A professora pediu a Milne que cheirasse t-shirts usadas durante a noite — algumas por pessoas com Parkinson, outras por voluntários saudáveis. Milne acertou em quase todas as t-shirts das pessoas afetadas pela doença.
Apenas uma t-shirt do grupo de controlo foi mal identificada. No entanto, nove meses mais tarde, a pessoa que a tinha usado foi diagnosticada com Parkinson. Milne não tinha apenas passado no teste — tinha cheirado o futuro.
A proeza da enfermeira chamou a atenção da ciência — que nunca mais lhe largou o nariz.
A que cheira o Parkinson?
A doença de Parkinson afeta mais de 10 milhões de pessoas globalmente. É a doença neurológica de crescimento mais rápido no mundo, a segunda apenas depois do Alzheimer em prevalência.
Pensa-se que é causada pela perda de neurónios produtores de dopamina numa parte do cérebro chamada substância negra, ligada ao movimento e tónus muscular. Mas é frequentemente diagnosticada demasiado tarde — depois de mais de metade dos neurónios produtores de dopamina do cérebro já terem morrido.
Milne consegue cheirá-la muito mais cedo.
Descobriu-se que a doença altera o sebo do corpo — uma substância cerosa segregada pela pele. Em colaboração com Barran, Milne ajudou a identificar onde o cheiro reside: não no suor, mas nas regiões oleosas da testa, costas e couro cabeludo.
Os compostos por trás do odor incluem moléculas como o ácido octadecanoico, um éster metílico que tem um aroma ceroso e almiscarado.
A equipa de Barran recolheu sebo com uma simples zaragatoa e analisou-o usando cromatografia gasosa com espectrometria de massa (GC-MS), uma técnica analítica que identifica as moléculas numa amostra.
A equipa descobriu uma assinatura bioquímica complexa: cerca de 27.000 características moleculares, 10% das quais diferem em pessoas com Parkinson. Não há uma “molécula de Parkinson”, mas sim uma gama de padrões associados à doença, e o nariz de Milne é tão notável que consegue distinguir este subtil buquê.
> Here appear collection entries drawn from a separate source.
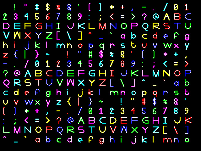 Vector representation of glyphs enable scalable high resolution Scanline Rendering. Using up to three lines and three arcs with simple transformations all writable 8-bit UTF-8 glyphs are represented. The primitives and operation can easily be expressed as Signed Distance Functions (SDFs). Sampling the SDF provide the nearest distance to the glyph and a simple threshold can be used to control thickness.
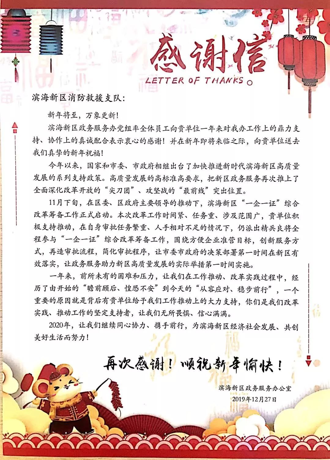 滨海新区作为改革的沃土,创新的摇篮,各类先试先行的革新政策均在这里落实落地。为表彰滨海支队在改革试点中勇于创新的进取精神,在区政务服务办公室向支队发送了改革试点感谢信中指出,滨海新区消防救援支队作为全面深化改革的“尖刀力量”,始终站在改革攻坚的“最前线”。被服务企业也向支队送来了“利企便民护航服务”的感谢锦旗;市主流媒体天津新闻就滨海支队落实“一企一证”进行现场踏勘进行了专题报道。
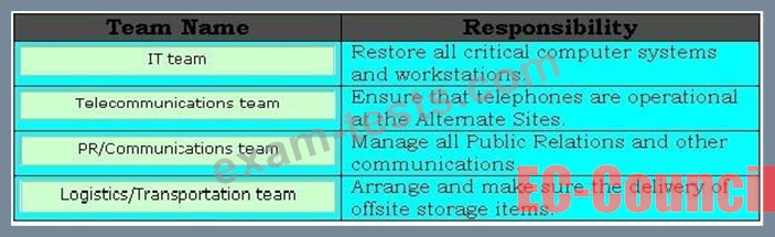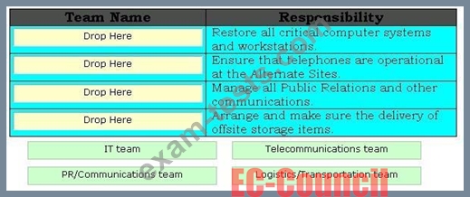 Drag and drop the appropriate team names in front of their respective responsibilities.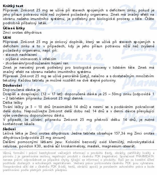 Přípravek Zinkorot 25 mg se užívá při stavech spojených s deficitem zinku, pokud je jeho přísun potravou nižší než zvýšené požadavky organismu. Zinek má značný efekt na obranu našeho imunitního systému, je potřebný pro biologické procesy v těle. Čtěte pozorně příbalový leták.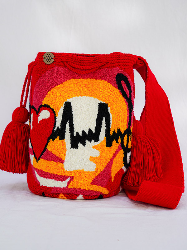 Esta creación es elaborada a mano por indígenas de la etnia wayuu y usa la técnica del tapizado o el puyado, mediante la utilización de una aguja mágica en puntada rusa; para elaborar este diseño se toma una tela especial y se dibuja sobre ella la imagen que se desea transmitir en la mochila, posteriormente se rellena con hilos de los colores escogidos, en esta técnica no hay límites en diseños y colores.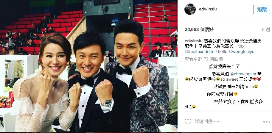 52歲的曹永廉入行23年,去年憑《公公出宮》飾演太監「細雞」突圍而出,更加首奪《萬千星輝頒獎典禮》的「最佳男配角」獎,他早前透露自己將會於新年之與薛家燕、黎小田和湯寶如主持新節目,更加有機會在節目開金口唱歌。當他被問及會否唱好友蕭正楠的歌的時候,他就搞笑回應︰「都沒有人識,他的歌不紅。」而蕭正楠昨天就「還撃」,上載一段曹永廉唱陳奕迅的金曲《明年今日》,更加留言︰「沒有更難聽!只有最難聽!」不過網民就回應阿廉唱得不錯。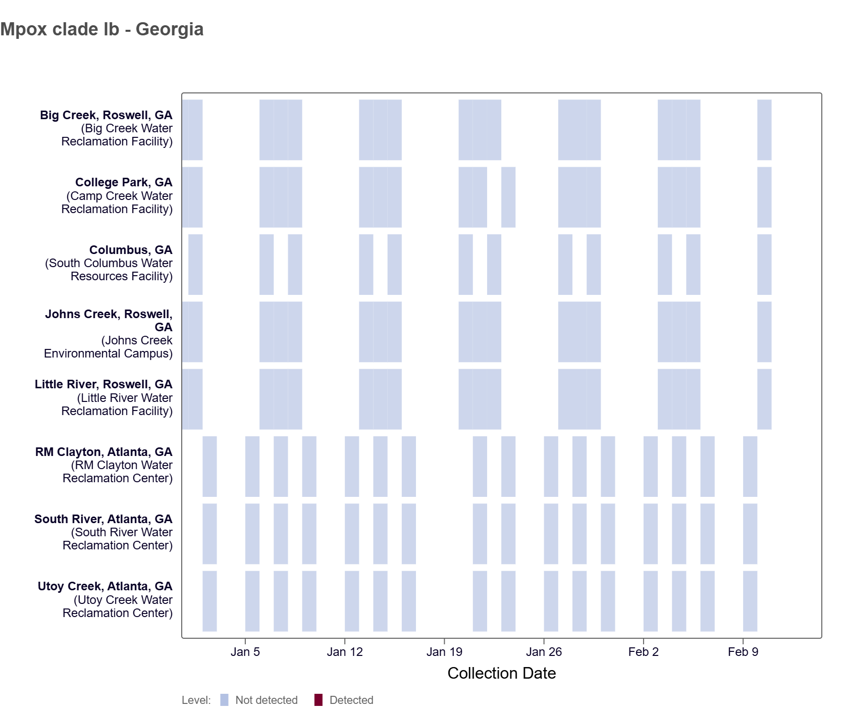 Sites are labeled in the rows and each date a sample was collected as a column. The color blue means the sample was non-detect for mpox DNA and the color maroon means mpox DNA was detected. White indicates no sample was collected.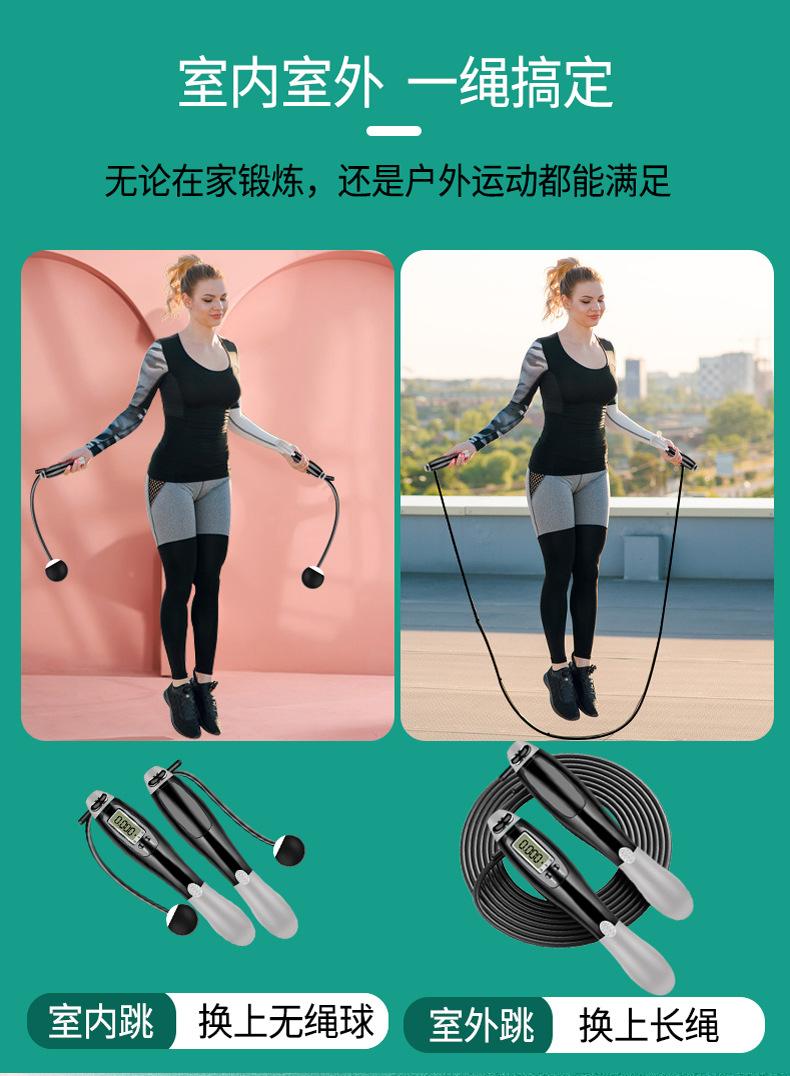Cuerda de saltar electrónica ajustable transfronteriza, cuerda de saltar inalámbrica de doble uso, cuerda de saltar de acero de acero para examen de ingreso a la escuela secundaria para estudiantes inteligentes de fitness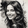 The ink drawing captures a woman smiling warmly, her expression full of life and joy. The bold lines and shading skillfully emphasize her features, bringing out the softness of her smile and the light in her eyes. Her hair flows naturally, rendered with intricate strokes that add depth and texture to the piece. The simplicity of the monochromatic style allows the emotion in her smile to stand out, creating a sense of connection and warmth. The artwork exudes a timeless quality, highlighting the beauty and grace in everyday moments, all conveyed through the elegance of ink.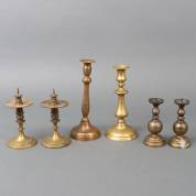 Twee paar en twee diverse messing kandelaars, 25 cm

Ninguém tinha percebido que o sebo era diagnosticamente útil, disse Barran recentemente ao The Telegraph. “Estamos a medir a doença e o efeito da doença — e a medicação em alguns casos — no indivíduo. E ninguém tinha feito isso antes“.
Do super-olfato ao teste de zaragatoa
Barran, que fundou uma empresa focada na utilização do sebo como fluido de diagnóstico — não apenas para o Parkinson, mas eventualmente para outras doenças também — está já a analisar potenciais marcadores para problemas cardiovasculares relacionados com o Parkinson.
O objetivo final é um teste de zaragatoa na pele que possa detetar o Parkinson anos antes do aparecimento dos sintomas.
Os ensaios iniciais, financiados pela Fundação Michael J. Fox, mostram uma precisão de 96,7% — muito melhor que os 50% de precisão dos encaminhamentos de médicos de clínica geral.
O teste também pode ajudar as mulheres com Parkinson, que são frequentemente diagnosticadas tardiamente porque os sintomas imitam a menopausa.
“Queremos determinar se as pessoas com Parkinson têm um perfil de sebo distinto que está ligado a um perfil de odor distinto que pode ser detetado e identificado com as plataformas humanas / analíticas propostas”, disse a fundação.
O ator Michael J. Fox tinha apenas 29 anos quando anunciou o seu diagnóstico de Parkinson em 1991.
Mas a deteção precoce traz algumas questões grandes e difíceis de enfrentar. Sem cura ainda, saber antecipadamente é uma bênção ou um fardo?
Para Milne, cujo marido faleceu em 2015, a resposta é que as suas vidas teriam sido mais fáceis se tivessem compreendido mais cedo o que estava prestes a acontecer.